*PROVIDED DATA*:
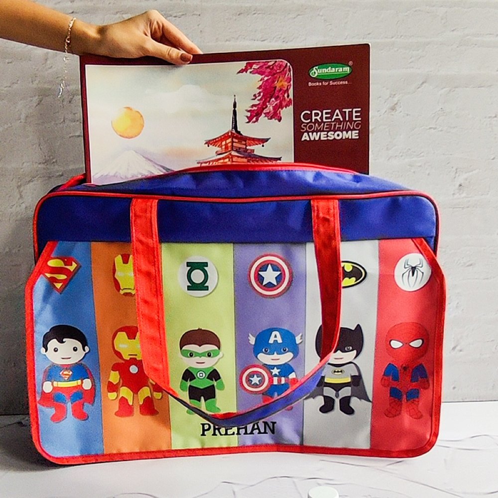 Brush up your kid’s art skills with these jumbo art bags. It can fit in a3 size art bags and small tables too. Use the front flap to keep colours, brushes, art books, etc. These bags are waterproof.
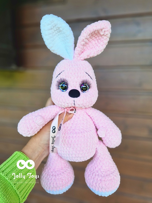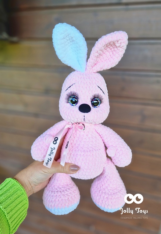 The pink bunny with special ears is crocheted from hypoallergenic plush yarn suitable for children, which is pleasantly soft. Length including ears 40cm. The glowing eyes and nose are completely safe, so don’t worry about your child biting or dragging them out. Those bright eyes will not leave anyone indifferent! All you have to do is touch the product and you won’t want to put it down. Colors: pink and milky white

--

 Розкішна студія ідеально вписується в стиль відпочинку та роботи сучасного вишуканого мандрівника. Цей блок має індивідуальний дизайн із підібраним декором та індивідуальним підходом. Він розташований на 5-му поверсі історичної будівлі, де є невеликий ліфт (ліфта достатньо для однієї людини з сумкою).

* * *

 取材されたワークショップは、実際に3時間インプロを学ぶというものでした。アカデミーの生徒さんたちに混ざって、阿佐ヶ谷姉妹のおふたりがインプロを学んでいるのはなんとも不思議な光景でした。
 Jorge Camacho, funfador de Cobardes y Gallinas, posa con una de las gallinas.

*THE PROBLEM*: In the entries above, find the line that contains "Brush up your" and the line that contains "The pink bunny". Reproduce exactly those two lines and every line between them, but not the pictures.

*YOUR RESPONSE*:
 Brush up your kid’s art skills with these jumbo art bags. It can fit in a3 size art bags and small tables too. Use the front flap to keep colours, brushes, art books, etc. These bags are waterproof.
 The pink bunny with special ears is crocheted from hypoallergenic plush yarn suitable for children, which is pleasantly soft. Length including ears 40cm. The glowing eyes and nose are completely safe, so don’t worry about your child biting or dragging them out. Those bright eyes will not leave anyone indifferent! All you have to do is touch the product and you won’t want to put it down. Colors: pink and milky white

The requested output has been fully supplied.